Dans un environnement stable, l'apprentissage principalement vertical, auprès des parents et autres personnes possédant déjà les connaissances nécessaires, est utile. Dans un environnement en constante évolution, les personnes de votre génération, prises collectivement, détiennent généralement des informations plus pertinentes que vos seuls parents, et le transfert horizontal devient alors plus judicieux. Cependant, la prédominance de chaque stratégie fait débat, et la manière dont les enfants utilisent chaque méthode d'apprentissage reste largement méconnue. étude cela apporte un éclairage.
Lucas et ses collègues ont observé comment les enfants intègrent de nouvelles informations en se faisant montrer par différentes personnes comment résoudre une boîte à énigmes pour obtenir un prix. Des enfants âgés de cinq à dix ans ont été initiés au concept de la boîte à énigmes, puis deux personnes leur ont montré comment la résoudre : leur mère et soit une personne présentée comme un inconnu susceptible de les aider, soit un expert en la matière. Leur mère leur a montré une méthode, et l’inconnu ou l’expert une autre. Les chercheurs ont ensuite observé quelle méthode les enfants utilisaient.

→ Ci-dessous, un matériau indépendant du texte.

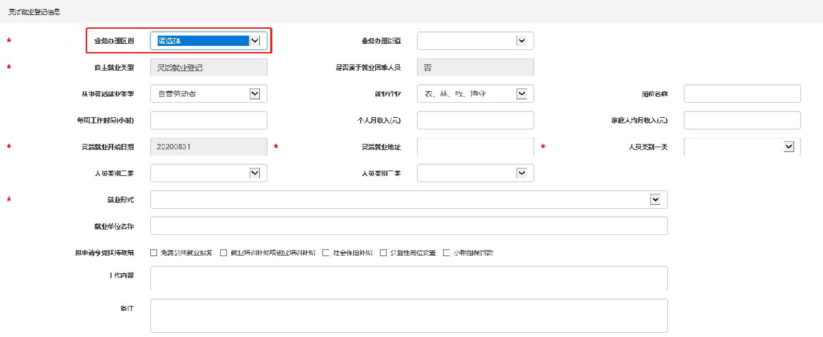 14.根据实际情况如实填报灵活就业信息(灵活就业开始日期为本年度1月1日,人员类别为“就业转失业人员”),并选择当前的参保地行政区划为审核机构,点击“提交”,申请完成,等待参保地公共就业服务机构审核。

Une mère est-elle plus compétente qu'un expert ?
Les enfants de cinq à six ans choisissaient presque toujours la méthode de leur mère, qu'ils la comparent à celle d'un inconnu ou d'un expert. Avant de savoir s'ils avaient réussi à résoudre leur propre énigme, on leur demandait qui était le plus doué : leur mère ou l'autre personne. Lorsque cette personne était un inconnu, les enfants disaient majoritairement que leur mère était meilleure. Mais lorsqu'il s'agissait d'un expert, presque tous les enfants affirmaient que l'expert était meilleur que leur mère, même s'ils avaient choisi de suivre sa mère plutôt que celle de l'expert.

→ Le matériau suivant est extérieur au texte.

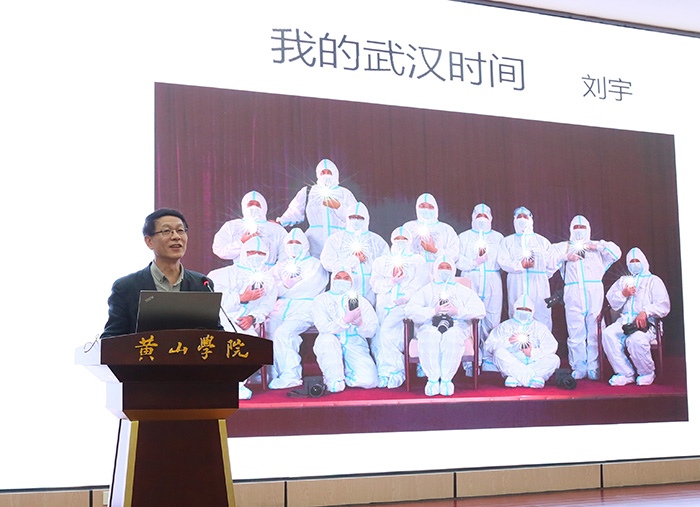 刘宇以“我的武汉时间”为题,讲述摄影作品背后的动人故事。他表示,“我们是以摄影的名义,替国家表达对医护人员的敬意。也许那一张肖像可能定格的不是他们最好看的样子。对于他们可能就是一生中最值得珍藏的记忆。好照片就是翻开老照片时带来的感动。”刘宇还勤于文字记录,出版了《我怕将来会忘记—武汉抗疫手记》一书。讲座在刘宇与援鄂医疗队队员张曦共同演唱的《只要平凡》视频短片播放中落幕。

Ces résultats ont toutefois évolué lors des tests menés auprès d'enfants plus âgés. Les enfants de sept à huit ans ont commencé à imiter majoritairement l'expert plutôt que l'inconnu, contrairement à leur mère. Plus étonnant encore, les enfants de neuf à dix ans ont adopté une approche totalement différente. « Ils ont fait les choses à leur manière », explique Lucas. Presque tous ont choisi une méthode complètement différente de celle que leur mère ou l'autre personne leur avait montrée.

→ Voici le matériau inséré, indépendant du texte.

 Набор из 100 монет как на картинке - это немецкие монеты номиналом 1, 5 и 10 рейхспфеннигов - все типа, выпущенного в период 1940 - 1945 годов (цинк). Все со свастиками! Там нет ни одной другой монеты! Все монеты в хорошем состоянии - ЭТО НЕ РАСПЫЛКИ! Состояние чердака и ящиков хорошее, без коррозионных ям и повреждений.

Ainsi, en l'espace de cinq ans seulement, les enfants utilisent trois méthodes différentes pour guider leurs actions. « Avec le développement, les enfants semblent prendre conscience que leur mère n'est pas toujours la meilleure source d'inspiration et ils commencent à privilégier l'expertise », explique Lucas.
Ignorer les méthodes d'autrui peut même s'avérer avantageux d'un point de vue évolutif. Comme l'explique Lucas, il n'est pas toujours judicieux de repartir de zéro si l'on possède déjà une certaine compréhension du problème. Si vous avez déjà été confronté à une situation similaire et que vous avez confiance en vos capacités, vous fier à vos propres connaissances peut être une bonne idée. C'est une stratégie que Lucas souhaiterait approfondir dans de futures études.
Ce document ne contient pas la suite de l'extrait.